* **TASK PROMPT**:
Transcribe the listing that follows in full, exactly, and drop its images.

* **RECORD EXTRACTS**:
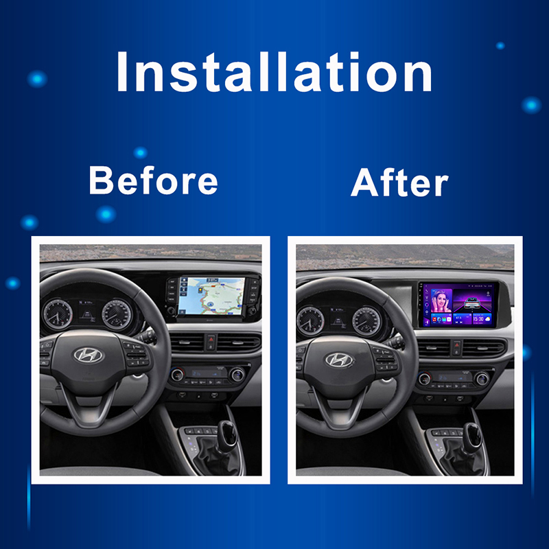 Hyundai i10 Android Stereo 2019, 8-Core CPU, 12+512GB, 9” screen, Wireless CarPlay & Android Auto, DSP audio, efficient heat-dissipation design.
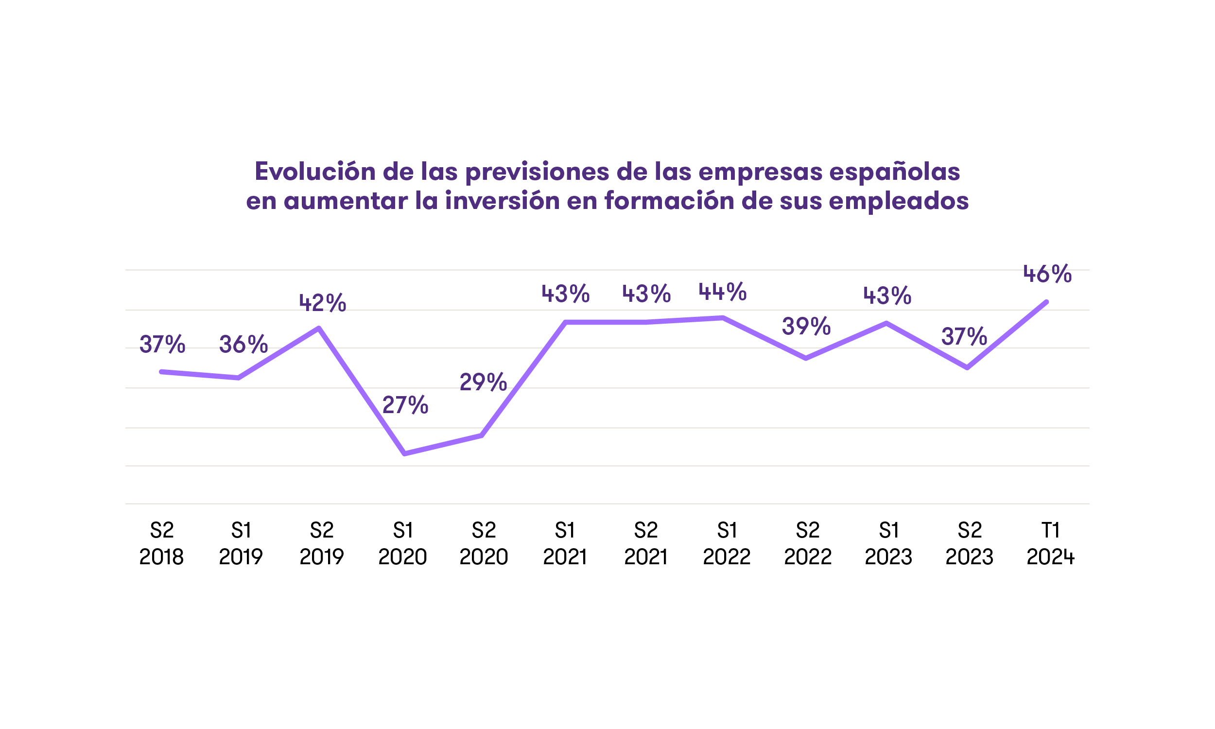 Por otro lado, cerca de la mitad de las compañías españolas (46%) esperan aumentar su inversión en formación para sus empleados. Estas previsiones se han incrementado en nueve puntos porcentuales con respecto a la última edición del IBR y es la tasa más alta desde que existen datos de este indicador, lo que denota la creciente importancia de que las competencias de los profesionales se ajusten a las tendencias del mercado, en especial en lo relacionado con las nuevas tecnologías.
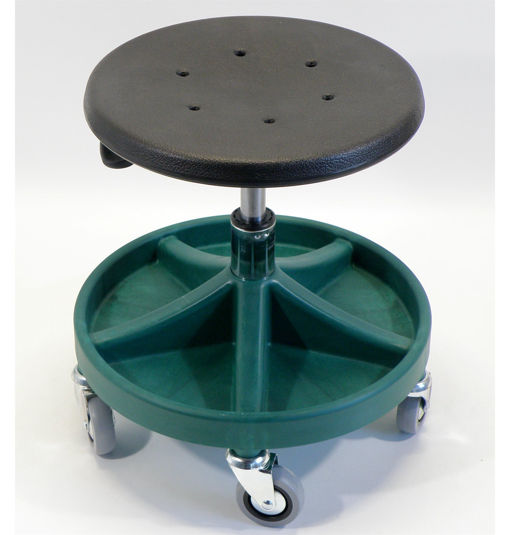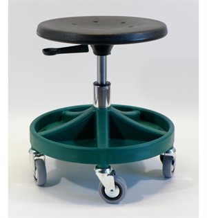 En smart og robust taburet med bekvemt sæde i PU-skum. Velegnet til dig, der ellers måtte sidde på hug eller stå foroverbøjet. Fodkryds i nylon med dobbelt forkant, fem rum til skruer, bolte m.m. Fem stk. 75 mm. specialhjul med lille off-set, der modvirker tiltning når hjulene drejer ind under fodkrydset. Højder er målt fra gulv til overkant sæde.
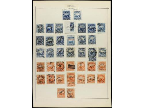 ° COSTA RICA. 1862-83. Dos páginas de álbum con sellos en usado con bonitos matasellos, también sellos de 1/2 real y 2 reales. Ensayos de plancha sobre papel cartón, sellos del Servicio Oficial y enteros postales recortados.
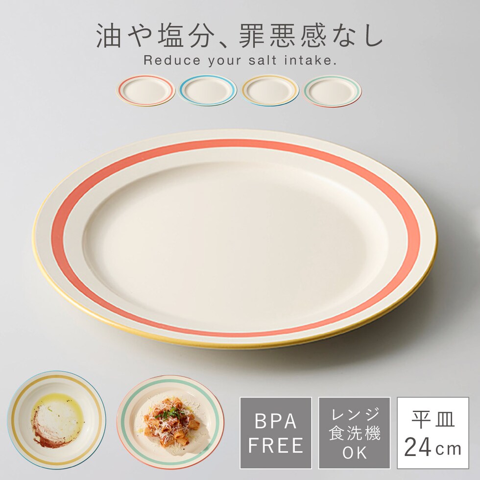 ダイエット プレート 皿 24cm 油切皿 減塩 ヘルシー BPAフリー 食器 健康 油 塩分 落とす 食洗機対応 レンジ対応 割れない レトロ おしゃれ リネア 平皿M
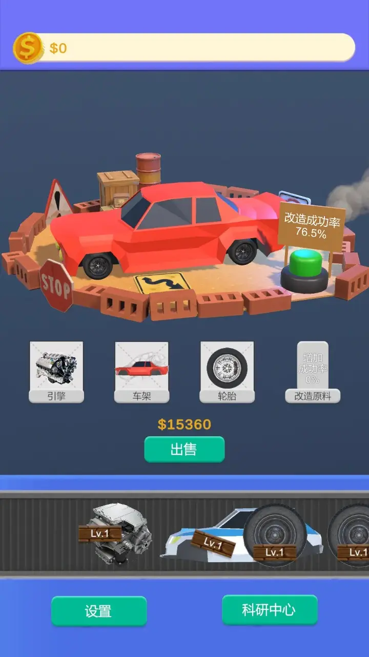 二手车贩游戏是一款简单有趣的汽车组装游戏,玩家只需要收集齐三个零件,就能成功拼装出一辆完整的汽车,每装好一辆车,就可以出售换取丰厚报酬。轻松的操作,爽快的收益,让你享受从零件收集,到成功售出的完整乐趣!
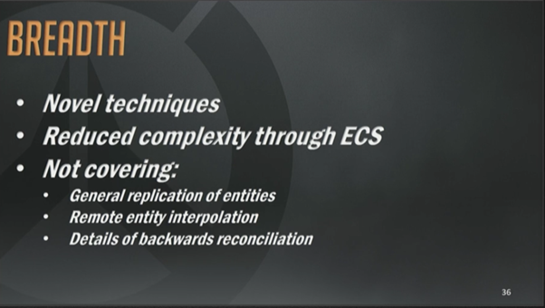 这里不会涉及到通用的数据复制技术、远端实体插值(remote entity interpolation)或者是向后缓和(backwardsreconciliation)技术细节。
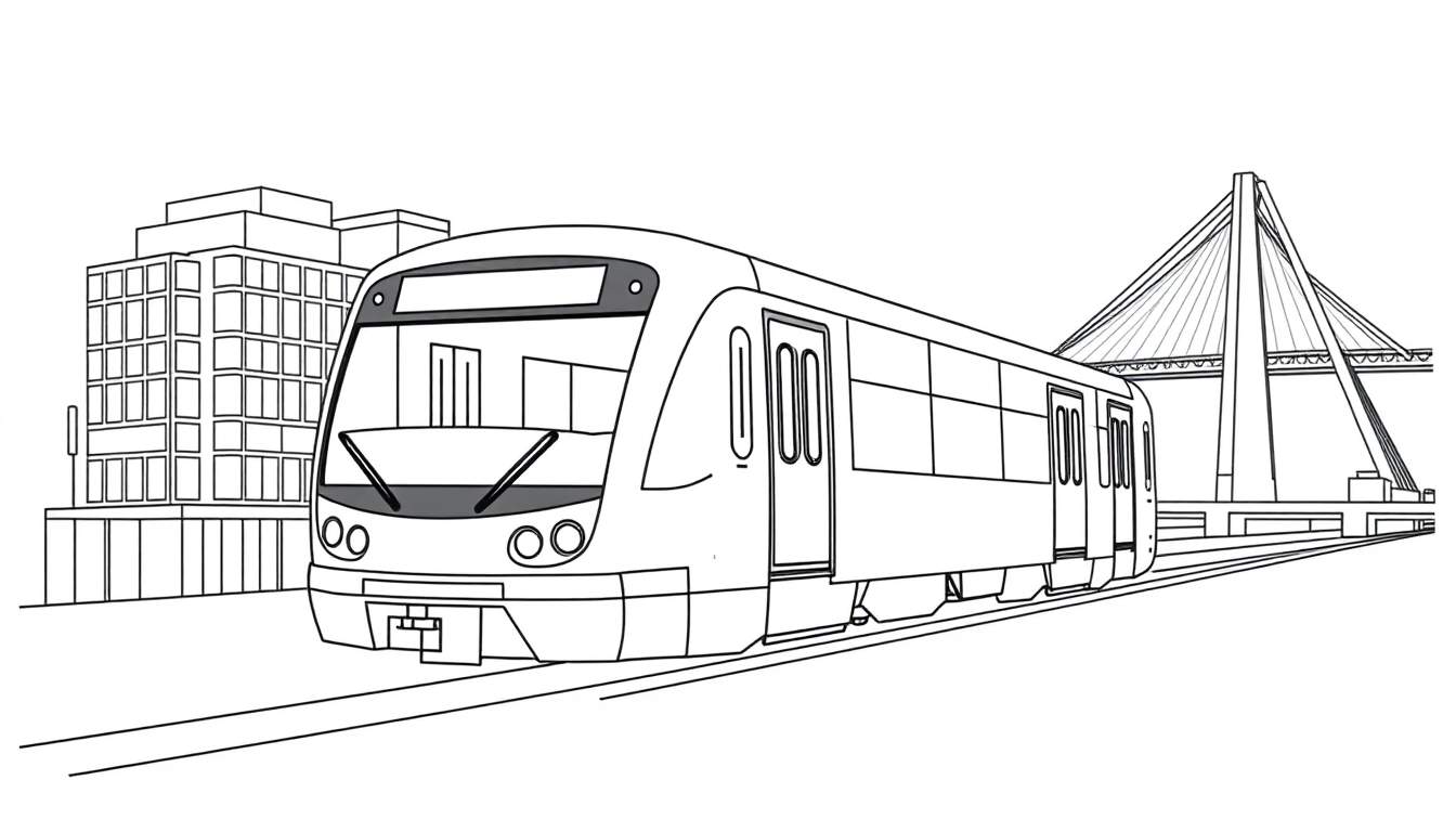 Gratis kleurplaat van een moderne metro op de rails, geflankerd door hoge stadse gebouwen en een indrukwekkende tuibrug. Perfect voor uren tekenplezier!
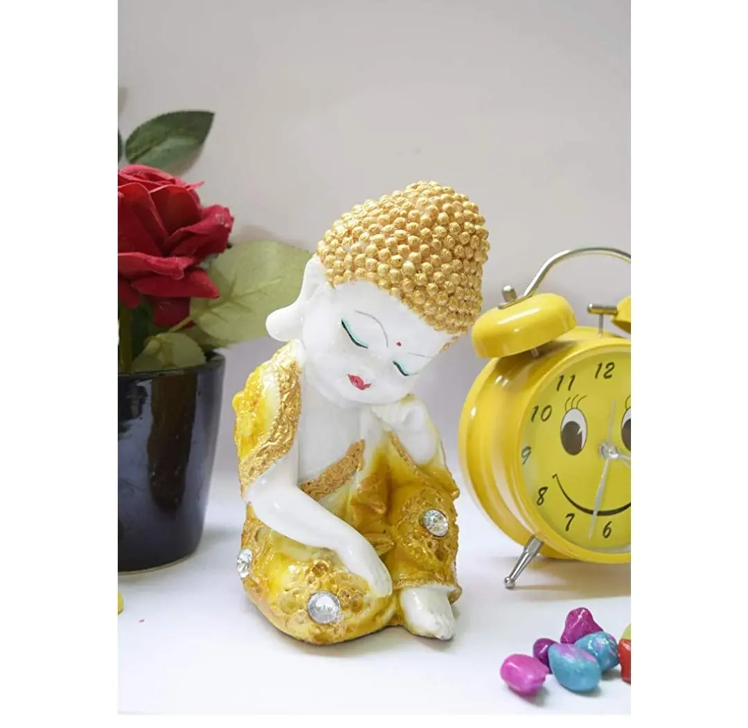 Cute Thinking Baby Buddha Statue – Handcrafted Yellow & Gold Resin Little Monk Figurine for Car Dashboard, Home Decor & Peace Gifts ₹ 1 ₹ 399
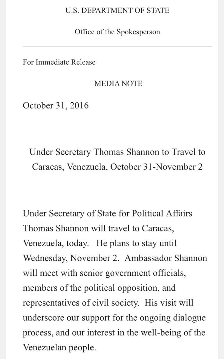 Shannon mantendrá en la capital venezolana reuniones con «altos funcionarios del gobierno, miembros de la oposición política y representantes de la sociedad civil», y deberá «destacar nuestro apoyo» al diálogo iniciado el fin de semana, indicó el Departamento de Estado.

* **EXERCISE RESPONSE**:
 Hyundai i10 Android Stereo 2019, 8-Core CPU, 12+512GB, 9” screen, Wireless CarPlay & Android Auto, DSP audio, efficient heat-dissipation design.
 Por otro lado, cerca de la mitad de las compañías españolas (46%) esperan aumentar su inversión en formación para sus empleados. Estas previsiones se han incrementado en nueve puntos porcentuales con respecto a la última edición del IBR y es la tasa más alta desde que existen datos de este indicador, lo que denota la creciente importancia de que las competencias de los profesionales se ajusten a las tendencias del mercado, en especial en lo relacionado con las nuevas tecnologías.
 En smart og robust taburet med bekvemt sæde i PU-skum. Velegnet til dig, der ellers måtte sidde på hug eller stå foroverbøjet. Fodkryds i nylon med dobbelt forkant, fem rum til skruer, bolte m.m. Fem stk. 75 mm. specialhjul med lille off-set, der modvirker tiltning når hjulene drejer ind under fodkrydset. Højder er målt fra gulv til overkant sæde.
 ° COSTA RICA. 1862-83. Dos páginas de álbum con sellos en usado con bonitos matasellos, también sellos de 1/2 real y 2 reales. Ensayos de plancha sobre papel cartón, sellos del Servicio Oficial y enteros postales recortados.
 ダイエット プレート 皿 24cm 油切皿 減塩 ヘルシー BPAフリー 食器 健康 油 塩分 落とす 食洗機対応 レンジ対応 割れない レトロ おしゃれ リネア 平皿M
 二手车贩游戏是一款简单有趣的汽车组装游戏,玩家只需要收集齐三个零件,就能成功拼装出一辆完整的汽车,每装好一辆车,就可以出售换取丰厚报酬。轻松的操作,爽快的收益,让你享受从零件收集,到成功售出的完整乐趣!
 这里不会涉及到通用的数据复制技术、远端实体插值(remote entity interpolation)或者是向后缓和(backwardsreconciliation)技术细节。
 Gratis kleurplaat van een moderne metro op de rails, geflankerd door hoge stadse gebouwen en een indrukwekkende tuibrug. Perfect voor uren tekenplezier!
 Cute Thinking Baby Buddha Statue – Handcrafted Yellow & Gold Resin Little Monk Figurine for Car Dashboard, Home Decor & Peace Gifts ₹ 1 ₹ 399
 Shannon mantendrá en la capital venezolana reuniones con «altos funcionarios del gobierno, miembros de la oposición política y representantes de la sociedad civil», y deberá «destacar nuestro apoyo» al diálogo iniciado el fin de semana, indicó el Departamento de Estado.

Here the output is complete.